Let me admit that Trump himself doesn’t seem to appear in Peter Simple. There are faint foreshadowings of a kind of English Trump in the form of J. Bonington Jagworth, the leader of the Motorists’ Liberation Front, who is devoted to “the basic right of every motorist to drive as fast as he pleases, how he pleases and over what or whom he pleases.” But that comparison takes us only up to Trump’s rise on television reality shows before he became an international political celebrity. Interestingly, Trump’s British alter ego on The Apprentice, Sir Alan Sugar, has risen with almost as little trace as Trump and is now a full-blown Lord in the Upper House. Plainly anxious to ward off any suggestions that he and a reality-television-show vulgarian stateside have anything in common, Lord Sugar has taken to denouncing Trump at intervals like a peasant warding off a devil’s curse by naming him. To get some idea of what a British Trump would be like, imagine a combination of Sugar and Jeremy Clarkson — pretty unstoppable, you’ll agree.

And of course the American Trump is bound to be bigger and better. He’s the boss, and there is only so much you can do to subdue or even sedate the boss.

How bad or terminal is that? Don’t good things get done — the naming of conservative judges, the pruning of regulations that obstruct enterprise, Trump’s support for the toughening of migration rules, much else? Sure, the overall picture isn’t a car crash. At the same time, somehow the long-predicted oasis of stability in the administration never arrives. Trump is a Lord of Misrule empowered by tweets to frustrate the most careful safeguards of his keepers and to rush around overturning the compromises and agreements they have worked out. That turns the White House on alternate days into an amazing combination of Advise and Consent and Hellzapoppin’ or a Marx Brothers movie in which Trump is played Groucho Marx.

But just when I am about to demand a recount, I read the Left critics of Trump. Yale historian Timothy Snyder, for instance, looks at this panorama of chaos and bumbling — where small-town liberal judges frustrate the president’s indisputable authority over migration, and his own party falls apart over health legislation that was far more their policy than his — and sees a looming threat to democracy. He goes on record to predict the inevitability that Trump will try to stage a coup d’état and bring American democracy to an end.

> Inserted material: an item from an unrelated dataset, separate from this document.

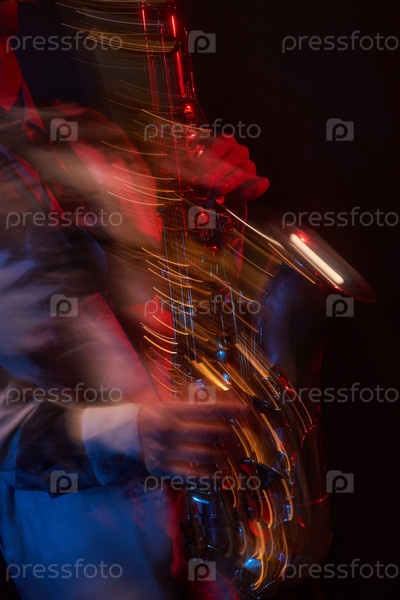 Саксофон в руках мужского музыканта, играющего джазовую музыку на сцене под неоновыми огнями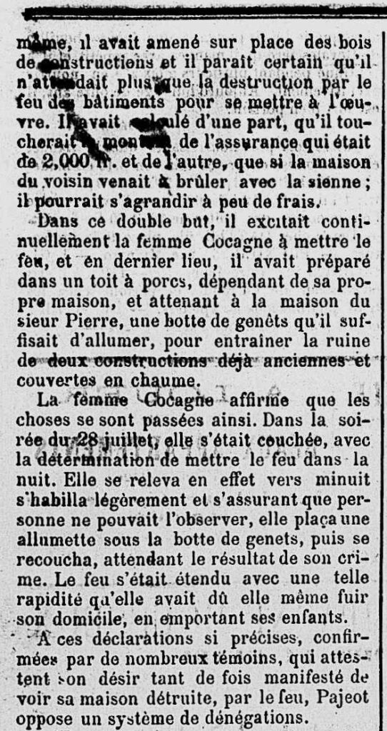 En consultant la presse ancienne, je découvre également que Clotilde a été condamnée « à la peine de 8 ans de travaux forcés et aux frais » pour un incendie volontaire. Son complice et amant, Juste Pierre Pageot, a été acquitté. (Cf. Extrait ci-dessous)

Now, Trump may not be a character in Peter Simple, but Timothy Snyder assuredly is, and potentially one of the most hilarious, warning crazedly of Trump’s military conspiracies as the president plays another golf game, suggesting that Trump is organizing the Boy Scouts to march on Washington as the U.S. State Department and Pentagon deny ever having received presidential directives on any topic, and revealing that all members of Congress had been secretly arrested and transported to Guantanamo in the dead of night as Trump is impeached, convicted, and led away in chains. All the time, of course, Snyder would be wearily accepting massive advances for a new book-linked “unreality television” series, Profiles of Resistance, that I believe has already won several Pulitzer prizes.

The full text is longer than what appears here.